Is this laziness or am I being pushy?

8 replies

SheekLaSheak · 30/03/2009 10:47

I do a lot of writing.

A man I have been seeing for a few weeks now keeps asking to read something that I've written and although I've not intentionally put him off, I've just never had anything "ready" to be read by someone else.

Then last night over MSN I said to him "I have a short piece I've written if you fancy reading it?"

He said "I'd love to"

So I sent him it. I mean, this piece was like two paragraphs or so, would have taken less than 5 minutes to read.

10 minutes later, after I'm sat there thinking he's reading it he sends me a message saying "I can't view that on this PC, send me it again and I'll save it to my memory stick and read it downstairs on the laptop" so I sent it again ... he said "brb"

So 10 minutes later, again after me thinking he's downstairs reading it he sends me another message saying "Thanks, I'll read it tomorow"

It really pissed me off for some reason! AIBU?

OP posts:
belgo · 30/03/2009 10:50

the thing is, it means FAR more to you then it does to him. He probably doesn't have a clue how important it is to you, that you are waiting for his opinion on it.

TrillianAstra · 30/03/2009 10:51

YABabitU. Relax.

Maybe he was distracted and wanted to be able to give the piece his full attention (as I imagine you're going to ask him for feedback).

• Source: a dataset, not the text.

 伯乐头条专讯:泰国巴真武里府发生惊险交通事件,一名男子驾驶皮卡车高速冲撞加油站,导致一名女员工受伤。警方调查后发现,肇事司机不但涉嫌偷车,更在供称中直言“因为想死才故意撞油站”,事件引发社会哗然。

Or maybe he's not really that interested, but was doing the usual first date thing of trying to seem interested in you and in things you do.

With regards to your , what format did yuo send it in?

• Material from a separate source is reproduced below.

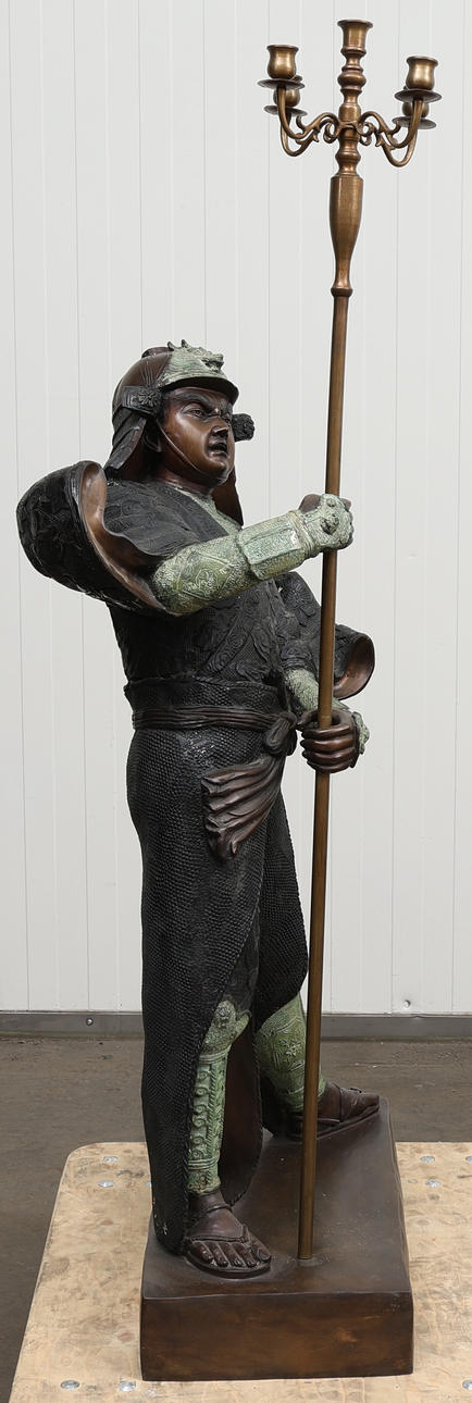 4307325. A BRONZE SAMURAI SCULPTURE with candelabra.

GivePeasAChance · 30/03/2009 10:52

Letting someone read your work is a bit like exposing yourself naked when you've not shaved your legs. That makes you anxious !

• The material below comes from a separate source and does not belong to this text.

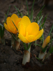 krokusy wiosenne odmiana Golden Yellow i fioletowe Tommasiniego, kaczeńce.
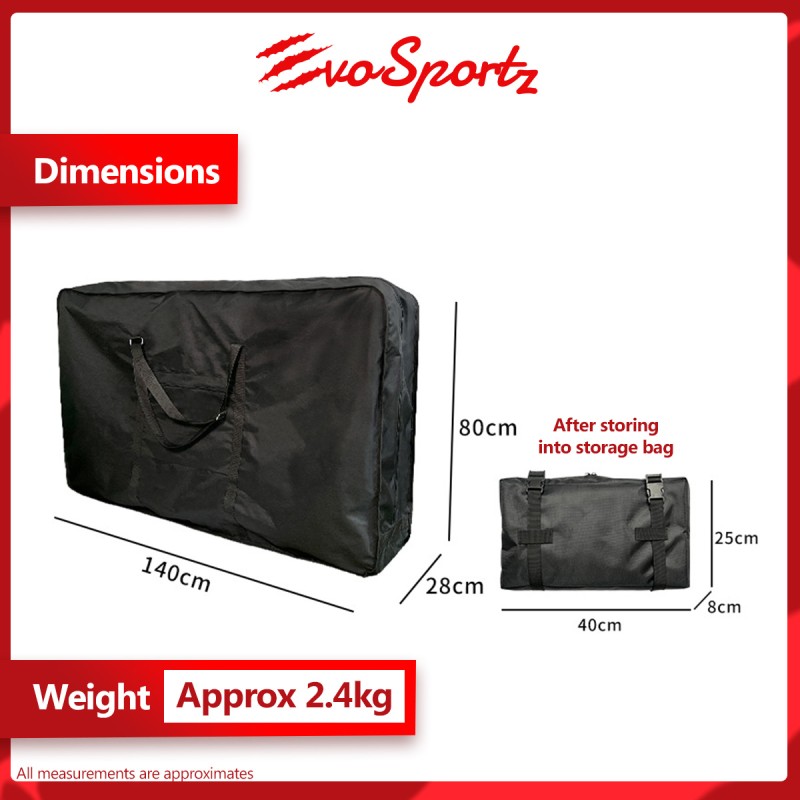 Features: Storage bag to store when not in use, thick and heavy duty material, shoulder strap for carrying

I understand you being pissed off completely. But at the same time, he's not to know !

kidcreoleandthehotcrossbuns · 30/03/2009 10:54

I'd have been pissed off too. Especially as you went to the trouble of sending it and it was only short.
Agree with Belgo he didnt realise how important to you it was. Men are a bit thick sometimes.

mamas12 · 30/03/2009 10:54

I would be a bit off too, but maybe as has been said does he know how much this means to you? If he doesn't, then he is not being deliberately insensitive is he.

littlelamb · 30/03/2009 10:55

This is exactly why I won't tell anybody how to find the stuff that I write! I would say that either he is just having issues with his computer, especially if he hasn't updated his windows subscription (speaking as the voice of experience ) or he just didn't realise that it would mean so much to you. It feels like such a big issue, and it is, it takes a lot of trust to let people read your stuff (I don't know what kind of writing you do?) so I suppose it would feel a bit of a letdown if you have built yourself up to just showing him in the first place. I am sure he will be grovelling with his appreciation later

VinegarTitsTheVirginNun · 30/03/2009 10:59

I would be annoyed too, especially since he has been asking to read something from you

Dont even let on that you are annoyed, dont mention it and dont send him anything you write again

TrillianAstra · 30/03/2009 11:03

I disagree with VinegarTits. If he comes back having obviosuly read it thoroughly and thought about it and makes nice comments (not just 'it's really good' but ones that show a bit of thought) then you should definitely show him more stuff. But be prepared that he might not drop everything to read it

If he seems to nt have read it, or not appreciated it, then don't show him any more. If you;re talking about what you'fve been doing and he asks just say 'I don't think it's really your kind of thing'. Then only show it to him once he's proven that he actually cares.